_WORK TASK_
Set down each line of the material that follows exactly, and leave its pictures out.

_DATASET CONTENT_
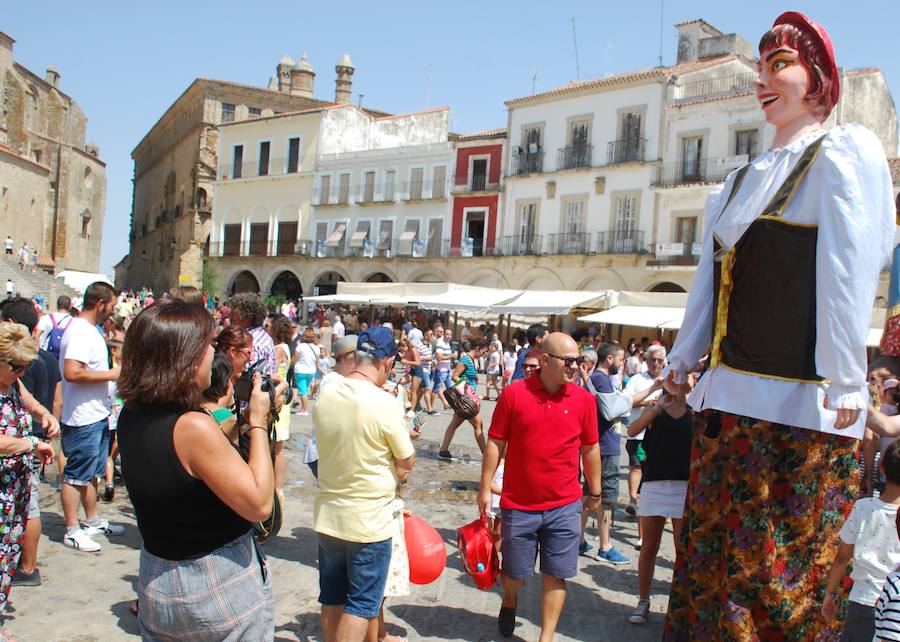 Aunque las propuestas programadas comenzaron a partir de las ocho de la mañana con la diana floreada, la mayoría de los vecinos inició esa actividad festiva a mediodía. Los sitios más concurridos fueron los espacios climatizados y los lugares de sombra. Gran parte de esos asistentes se reunieron en la Plaza Mayor, a la espera de la llegada de los gigantes y cabezudos, acompañados de la charanga La Crisi. Salieron del Ayuntamiento a las doce y recorrieron distintos lugares de la ciudad. Pasadas las 14.15 horas, hicieron su entrada en la plaza, para el disfrute, sobre todo, de los más pequeños.
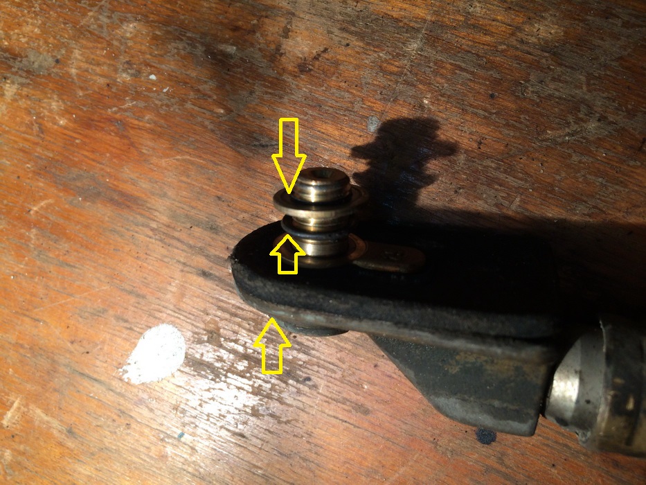 Пришлось положить 3 резиновых колечка. Интересная конструкция, болт выполняет функцию нипеля. А как например быть, если стойка не ремонтирована, и там как-бы клепка? Прорезь для отвертки делать?
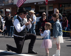 PHOTO 1: The Swallows Day Parade is one of the largest non-motorized parades in the nation with the parade mostly consisting of horse carriages, horse-driven floats and wagons. PHOTO 2: Robert Ridland, a 1976 jumping equestrian Olympian, was the Swallows Parade's grand marshal in 2023. PHOTO 3: San Juan Capistrano Fiesta Association president Jim Taylor is known to walk out on the street during the parade and interview participants. Photos courtesy of the San Juan Capistrano Fiesta Association

_ANSWER FOR THE TASK_
 Aunque las propuestas programadas comenzaron a partir de las ocho de la mañana con la diana floreada, la mayoría de los vecinos inició esa actividad festiva a mediodía. Los sitios más concurridos fueron los espacios climatizados y los lugares de sombra. Gran parte de esos asistentes se reunieron en la Plaza Mayor, a la espera de la llegada de los gigantes y cabezudos, acompañados de la charanga La Crisi. Salieron del Ayuntamiento a las doce y recorrieron distintos lugares de la ciudad. Pasadas las 14.15 horas, hicieron su entrada en la plaza, para el disfrute, sobre todo, de los más pequeños.
 Пришлось положить 3 резиновых колечка. Интересная конструкция, болт выполняет функцию нипеля. А как например быть, если стойка не ремонтирована, и там как-бы клепка? Прорезь для отвертки делать?
 PHOTO 1: The Swallows Day Parade is one of the largest non-motorized parades in the nation with the parade mostly consisting of horse carriages, horse-driven floats and wagons. PHOTO 2: Robert Ridland, a 1976 jumping equestrian Olympian, was the Swallows Parade's grand marshal in 2023. PHOTO 3: San Juan Capistrano Fiesta Association president Jim Taylor is known to walk out on the street during the parade and interview participants. Photos courtesy of the San Juan Capistrano Fiesta Association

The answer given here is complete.